I put down some bass lines with my usual Epiphone P-J bass (with EQ-8 roll-off below 120 Hz), and then realized I wanted another track of bass, higher on the neck, to respond to the first track. (That second track of bass got EQ-8 bass rolloff with a higher shelf.)

Then I'd thought I should have something else in there for sonic variety, but wanted to change things up a bit from recent tracks. So I grabbed the Heit Deluxe I keep in Turkish baglama tuning (Gg DD Aa), and put down two tracks of improvisations against the bass lines. (It's going through an EHX LPB2ube with the left and right channels cascaded into one output.) One channel got some high-pass Auto-Filter with drive, and the other didn't have any additional in-Ableton processing. Both got sent to a room-sized convolution reverb (along with the drums and bass).

In arranging, I thought to do some reversing of some of the Heit chords, and sent that track to a return channel with Valhalla Supermassive. And the stereo mix got multiband compression with Ableton's Full Chain effect rack.

Title comes from the number of years in three Saros cycles of solar and lunar eclipses; this is apparently called a Triple Saros or exeligmos--the turn of the wheel.

Welcome to 2021's challenge! And apologies for the date/time confusion! (Looking on the bright side, those of us who've been working toward Sunday evening get a chance to submit first thing instead of right before the deadline.)

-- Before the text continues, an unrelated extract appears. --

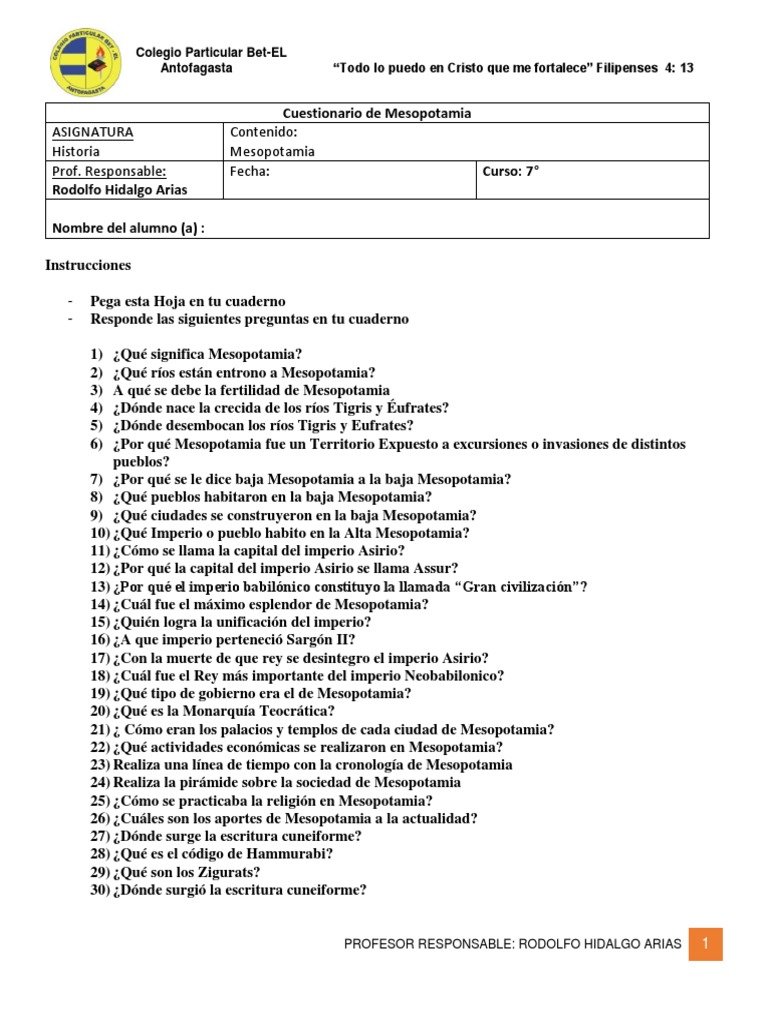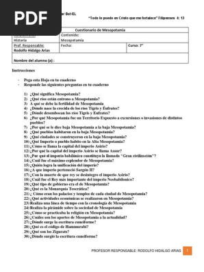 Cuestionario De Mesopotamia Pdf Mesopotamia Asiria

I started this track late in the week, having a few rhythms in mind, but not much else, I put up some MIDI loops in Ableton's 64 Pad Kit Special (with Max Humanizer), and then responded to them with two tracks of guitar (home-made Res-O-Glas, direct into the Focusrite, with some Ableton Auto-Filter for tone-shaping). The initial thought around the guitar line was related to Miles Okazaki's weekly scale-shape project for 2020 (on Instagram), though the scale I'd started with...I ended up moving away from. Ultimately, I ended up filling in some spaces with reversed clips.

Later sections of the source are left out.